Is This Medical Therapeutics Company Worth Buying or a Major Risk?

Allogene Therapeutics’ (ALLO) goal of being a pioneer in the CAR-T field may be concerning for investors, given that CAR-T has been the worst performer in an already dismal healthcare market. So, let’s evaluate if it’s worth buying the stock now. Keep reading. – StockNews

Allogene Therapeutics, Inc. (ALLO) is a clinical-stage immuno-oncology company developing and commercializing genetically engineered allogeneic T cell therapies for cancer treatment.

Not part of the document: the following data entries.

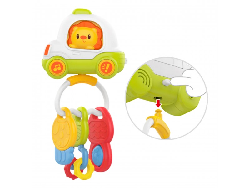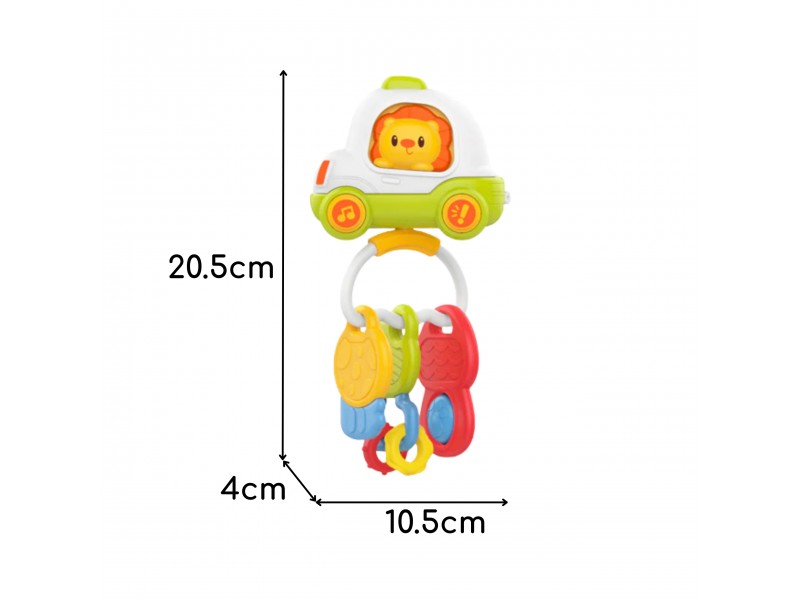 Šis spalvingas ir interaktyvus muzikinis žaislas, imituojantis automobilio pultelį su rakteliais, yra tobulas pasirinkimas kiekvienam mažyliui. Jis sukurtas specialiai tam, kad per smagų žaidimą skatintų vaiko motorinį, sensorinį ir pažintinį vystymąsi jau nuo pat mažens. Mielas liūtukas automobilyje patraukia vaiko dėmesį ir kviečia žaisti – spaudžiant mygtukus, mažylis aktyvuoja linksmas melodijas, realistiškus automobilio garsus ir šviesos efektus, kurie stimuliuoja pojūčius ir suteikia daug džiaugsmo. Žaislas turi įvairių elementų, tokių kaip minkštas kramtukas, besisukantys mygtukai, pakabukas ir rakteliai, kuriuos galima sukioti ir liesti. Tai padeda lavinti griebimo įgūdžius ir treniruoti rankyčių miklumą. Tai puikus kompanionas kasdieniams žaidimams namuose, kelionėse ar kaip pakabukas ant vežimėlio ar automobilinės kėdutės.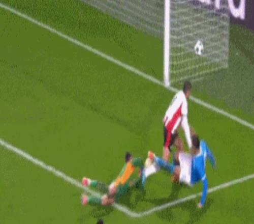 埃因霍温6-2大胜那不勒斯的比赛,那不勒斯前锋卢卡倒地之后指着自己的脑袋,表情非常愤怒,这被认为是嘲讽裁判,吃到直红!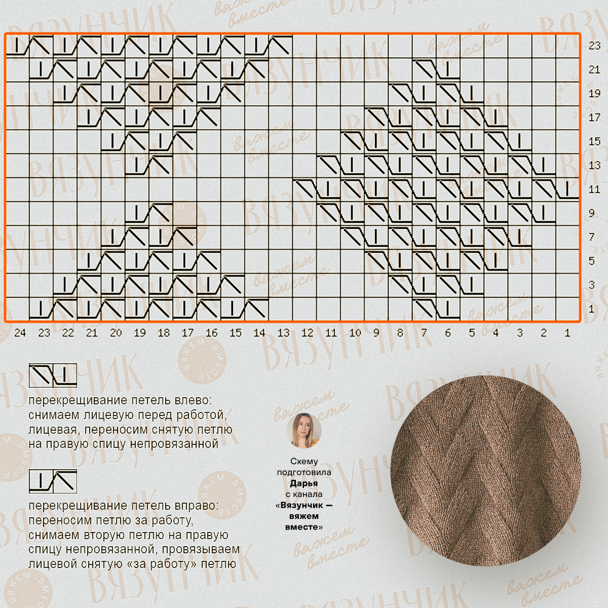 Раппорт узора — 24 петли и 24 ряда. 1 жгут в шахматном порядке (половина раппорта) — 12 петель и 24 ряда.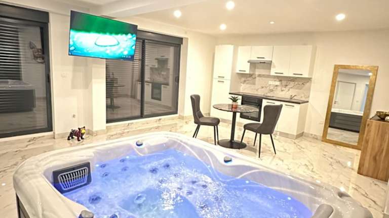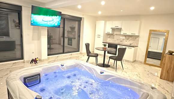 Appartement cosy jacuzzi spa 70M2 bietet eine Ferienwohnung mit einer gemütlichen Atmosphäre, die mit modernen Annehmlichkeiten ausgestattet ist. Die Unterkunft überzeugt durch eine private Terrasse und kostenloses WLAN.

It develops, manufactures, and commercializes UCART19, an allogeneic chimeric antigen receptor (CAR) T cell product for treating pediatric and adult patients with R/R CD19 positive B-cell ALL.[1]

The stock has declined 49.2% over the past year and 52.1% over the past nine months. While ALLO’s pioneer position in allogeneic CAR-T benefitted early investors, CAR-T space has been the worst performer in an already dismal healthcare market.

ALLO faced several drawbacks in the CAR-T space. Though CAR-T can be therapeutic as it is now approved for B-cell lymphoma, leukemia, and mantle cell lymphoma, autologous CAR-T can be largely expensive. Kymriah costs $475,000 per treatment regimen; Yescarta costs $375,000.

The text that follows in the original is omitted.